Creating the second data model: reshaping data
Let’s create a second data model which will reshape the trial dimension of our EEG datasets and form continuous data suitable for import into brainstorm. Narrowing in on the scope of this script, we want to load our previous target, perform our conversion operation, and save a new MAT file with the updated data model.
Let’s rapidly prototype our script by:
- create copy and open
model_loadDataset.m
- change
basename = 'loadDataset'
tobasename=
'contDataset'
- modify the import data to
data_file = 'model_loadDataset.mat'
- no change to the
output_file_extension = 'MAT'
Next we will add our code for converting our data to continuous data.
try
p.bst_prepareContinuousData;
status = 'Epoch2ContinuousData: Success.';
catch
status = "Epoch2ContinuousData: Fail.";
end
Sidebar: Try-Catch blocks to Track Errors
Try-Catch blocks are simple ways to try code and understand what happens when there is a failure without abruptly existing your code.
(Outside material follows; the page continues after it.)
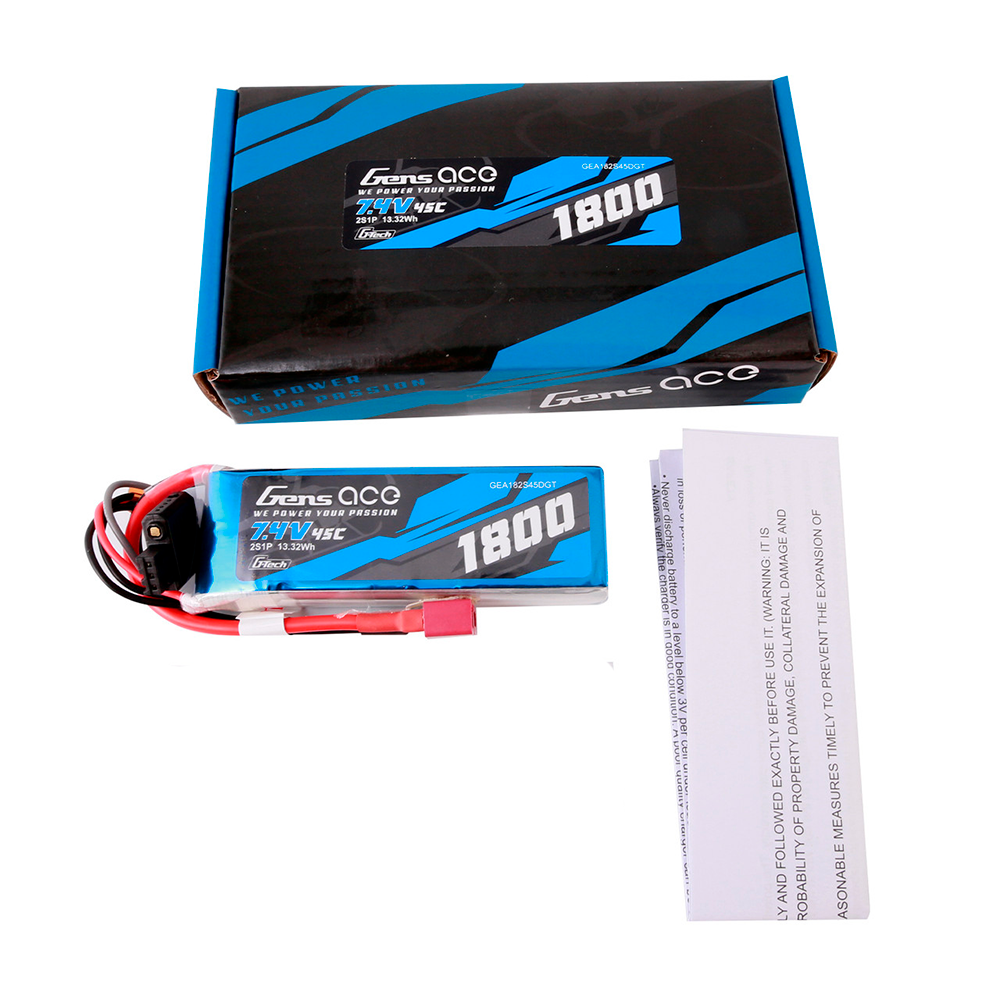 GENS ACE 7.4V 1800MAH 45C 2S G-TECH LIPO DEANS PLUG

In this case, we “try” the function to convert our data. If the “try” succeeds or fails the variable status will be updated. The “try” block will keep MATLAB from crashing if something within the bracket causes an error. It will literally “catch” the error and allow the script to continue.
Saving and running the second data model
At this point, the template code will save a MAT of the updated EEG structure. Since we have already updated the Makefile, feel free to now run the command make matlab
.
If everything is working correctly, Make will recognize the first data model has already been built and will move on to the new data model you just created. Following completion you should have two Build products in your MATLAB Build directory.
Directory: E:\data\CommBioEEGRev\MatlabBuild
Mode LastWriteTime Length Name
---- ------------- ------ ----
-a---- 9/14/2021 10:11 AM 52423067 model_contDataset.mat
-a---- 9/14/2021 10:05 AM 52118136 model_loadDataset.mat
Conclusion of Part 3
At this point we have become familiar with how to create data models in Matlab using an automated build process with Make. In Part 4 we will accelerate further by diving into automating the generation of an EEG source model. Finally.